The Village of Waterville was named a Clean Energy Community by the state, resulting in a $50,000 grant to spend on more energy-efficient projects.
At last week’s Village Board meeting, Trustee Dan Nichols, who headed up the effort for the recognition, said the village has 90 days to submit plans to the state on how to spend the $50,000. Some ideas include LED lights to save energy and money.
Waterville received the last of the $50,000 available to communities that took four of 10 steps to receive the certification. The village did training and installed electric car chargers for two of the steps.
DPW Superintendent Jamie Bechy said Eastern Energy Solutions will do an evaluation for the village to see the cost of replacing the lights and what the savings will be.
Nichols is also working with Codes officer Whitey Brown to come up with a standard routine for handling codes violations and following up to see if the violations have been addressed.

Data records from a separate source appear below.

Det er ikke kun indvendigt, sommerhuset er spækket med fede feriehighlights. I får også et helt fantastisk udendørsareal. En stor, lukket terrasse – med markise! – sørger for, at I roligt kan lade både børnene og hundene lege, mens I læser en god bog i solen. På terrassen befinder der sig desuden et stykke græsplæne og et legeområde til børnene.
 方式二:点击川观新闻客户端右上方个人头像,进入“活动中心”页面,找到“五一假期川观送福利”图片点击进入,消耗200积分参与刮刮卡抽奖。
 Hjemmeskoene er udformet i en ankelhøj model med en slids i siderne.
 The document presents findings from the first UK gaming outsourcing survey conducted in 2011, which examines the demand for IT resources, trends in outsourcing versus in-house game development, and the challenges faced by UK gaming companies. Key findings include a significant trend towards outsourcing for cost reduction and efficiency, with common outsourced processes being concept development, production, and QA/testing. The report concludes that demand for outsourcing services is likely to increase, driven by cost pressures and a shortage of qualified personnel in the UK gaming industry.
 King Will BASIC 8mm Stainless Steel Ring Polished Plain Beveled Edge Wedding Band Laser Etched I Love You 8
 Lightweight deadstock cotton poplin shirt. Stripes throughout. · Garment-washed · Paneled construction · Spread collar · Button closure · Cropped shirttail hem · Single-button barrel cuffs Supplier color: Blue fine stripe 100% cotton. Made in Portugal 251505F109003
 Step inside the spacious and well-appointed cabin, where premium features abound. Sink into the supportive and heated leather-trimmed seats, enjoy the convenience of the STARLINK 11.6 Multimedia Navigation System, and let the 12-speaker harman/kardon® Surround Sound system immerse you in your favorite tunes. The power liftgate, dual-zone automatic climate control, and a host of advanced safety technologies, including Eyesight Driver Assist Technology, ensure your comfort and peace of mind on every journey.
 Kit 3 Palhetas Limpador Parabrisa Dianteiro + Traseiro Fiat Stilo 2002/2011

Along those lines, Mayor Gene Ostrander said Walt Friebel was issued another notice for codes violations on his White Street property. He has until the end of the month to clean the debris and trash from the yard or go back to Village Court.
Because Friebel pled guilty and paid a fine for the same violations issued almost a year ago, Village attorney Bill Getman said the process starts all over again. Local court can only make fines, but cannot order someone to clean up the property, Getman said.